Re: [PATCH 08/16] KVM: x86/mmu: WARN and skip MMIO cache on private, reserved page faults

From: Huang, Kai
Date: Tue Mar 05 2024 - 16:33:21 EST




On 5/03/2024 4:51 am, Sean Christopherson wrote:
On Fri, Mar 01, 2024, Kai Huang wrote:
On 1/03/2024 12:06 pm, Sean Christopherson wrote:
E.g. in this case, KVM will just skip various fast paths because of the RSVD flag,
and treat the fault like a PRIVATE fault. Hmm, but page_fault_handle_page_track()
would skip write tracking, which could theoretically cause data corruption, so I
guess arguably it would be safer to bail?

Anyone else have an opinion? This type of bug should never escape development,
so I'm a-ok effectively killing the VM. Unless someone has a good argument for
continuing on, I'll go with Kai's suggestion and squash this:

diff --git a/arch/x86/kvm/mmu/mmu.c b/arch/x86/kvm/mmu/mmu.c
index cedacb1b89c5..d796a162b2da 100644
--- a/arch/x86/kvm/mmu/mmu.c
+++ b/arch/x86/kvm/mmu/mmu.c
@@ -5892,8 +5892,10 @@ int noinline kvm_mmu_page_fault(struct kvm_vcpu *vcpu, gpa_t cr2_or_gpa, u64 err
error_code |= PFERR_PRIVATE_ACCESS;
r = RET_PF_INVALID;
- if (unlikely((error_code & PFERR_RSVD_MASK) &&
- !WARN_ON_ONCE(error_code & PFERR_PRIVATE_ACCESS))) {
+ if (unlikely(error_code & PFERR_RSVD_MASK)) {
+ if (WARN_ON_ONCE(error_code & PFERR_PRIVATE_ACCESS))
+ return -EFAULT;

-EFAULT is part of guest_memfd() memory fault ABI. I didn't think over this
thoroughly but do you want to return -EFAULT here?

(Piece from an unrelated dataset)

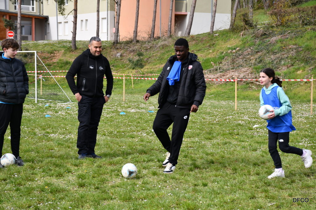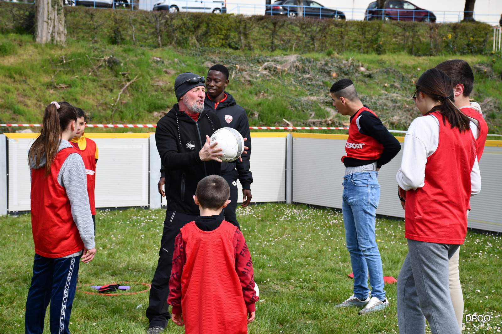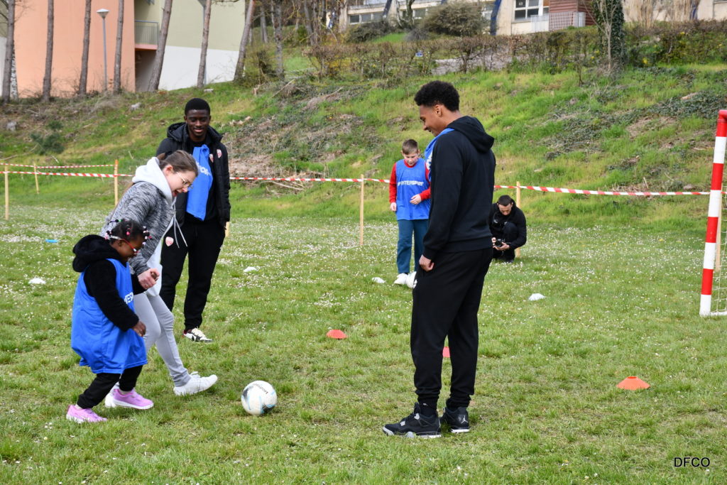 Ce jeudi, c’était le football qui était à l’honneur. Pour l’occasion, Marley Aké, Idrissa Camara et Ahmad Ngouyamsa se sont rendus ce matin sur le site pour participer à la journée. L’après-midi, c’était au tour de Morgane Martins, Ekaterina Tyryshkina et Alicia Soleilhet de représenter le DFCO sur la partie féminine et d’échanger avec les enfants présents.

Yes, I/we do. There are many existing paths that can return -EFAULT from KVM_RUN
without setting run->exit_reason to KVM_EXIT_MEMORY_FAULT. Userspace is responsible
for checking run->exit_reason on -EFAULT (and -EHWPOISON), i.e. must be prepared
to handle a "bare" -EFAULT, where for all intents and purposes "handle" means
"terminate the guest".

Right.


That's actually one of the reasons why KVM_EXIT_MEMORY_FAULT exists, it'd require
an absurd amount of work and churn in KVM to *safely* return useful information
on *all* -EFAULTs. FWIW, I had hopes and dreams of actually doing exactly this,
but have long since abandoned those dreams.

I am not sure whether we need to do that. Perhaps it made you feel so after we changed to use -EFAULT to carry KVM_EXIT_MEMORY_FAULT. :-)


In other words, KVM_EXIT_MEMORY_FAULT essentially communicates to userspace that
(a) userspace can likely fix whatever badness triggered the -EFAULT, and (b) that
KVM is in a state where fixing the underlying problem and resuming the guest is
safe, e.g. won't corrupt the guest (because KVM is in a half-baked state).


Sure. One small issue might be that, in a later code check, we actually return KVM_EXIT_MEMORY_FAULT when private fault hits RET_PF_EMULATION -- see your patch:

[PATCH 01/16] KVM: x86/mmu: Exit to userspace with -EFAULT if private fault hits emulation

So here if we just return -EFAULT w/o reporting KVM_EXIT_MEMORY_FAULT when private+reserved is hit, it seems there's a little bit inconsistency here.

But you may have concern of corrupting guest here as you mentioned above.